The layout of the bridge chips requires very high precision, especially when it comes to the bridges between the 2 main computing chips, as these bridges are critical to supporting 10 TB/s chip-to-chip interconnects.

According to rumors, a major design issue was related to the bridge chip. At the same time, the top few global routing metal layers and the chip's bumps also needed to be redesigned. This was one of the main reasons for the multi-month delay.

Another problem is that TSMC does not have enough CoWoS-L production capacity.
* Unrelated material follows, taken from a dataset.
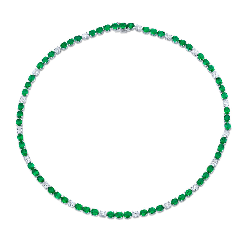 Alternating Oval-cut Diamonds and Green Emeralds Necklace
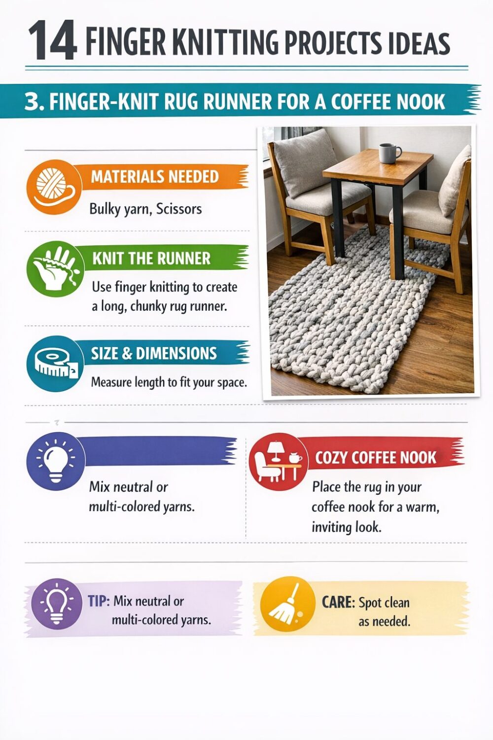 3. Finger-Knit Rug Runner for a Coffee Nook

TSMC has built a large amount of CoWoS-S production capacity in the past few years, with Nvidia accounting for the majority of the share.

Now, as Nvidia is rapidly shifting demand to CoWoS-L, TSMC is building a new fab, AP6, for CoWoS-L and transforming existing CoWoS-S capacity at AP3.

To this end, TSMC needs to transform the old CoWoS-S capacity, otherwise these capacities will be idle, and the growth rate of CoWoS-L will be slower. And this transformation process will make the growth very uneven.

Combining these two issues, TSMC is clearly unable to supply enough Blackwell chips to meet Nvidia's needs.

Therefore, NVIDIA has concentrated almost all its production capacity on GB200 NVL 36x2 and NVL72 rack-scale systems, and has cancelled the HGX computing modules equipped with B100 and B200.


As a replacement, Nvidia will launch a Blackwell GPU, the B200A, based on the B102 chip and equipped with 4 layers of HBM video memory to meet the needs of mid- and low-end AI systems.

Interestingly, this B102 chip will also be used in the "special edition" B20 for China.

Since the B102 is a monolithic computing chip, Nvidia can not only package it on CoWoS-S, but also enable other suppliers besides TSMC to do 2.5D packaging, such as Amkor, ASE SPIL, and Samsung.

The B200A will come in 700W and 1000W HGX form factors, with up to 144GB of HBM3E memory and up to 4 TB/s of bandwidth. It’s worth noting that this is less memory bandwidth than the H200.

Next up is the mid-level enhanced version – Blackwell Ultra.

The standard CoWoS-L Blackwell Ultra, namely B210 or B200 Ultra, not only achieves up to 288GB of 12-layer HBM3E in video memory refresh, but also improves FLOPS performance by up to 50%.

The B200A Ultra will have higher FLOPS, but will not have any upgrades to the video memory.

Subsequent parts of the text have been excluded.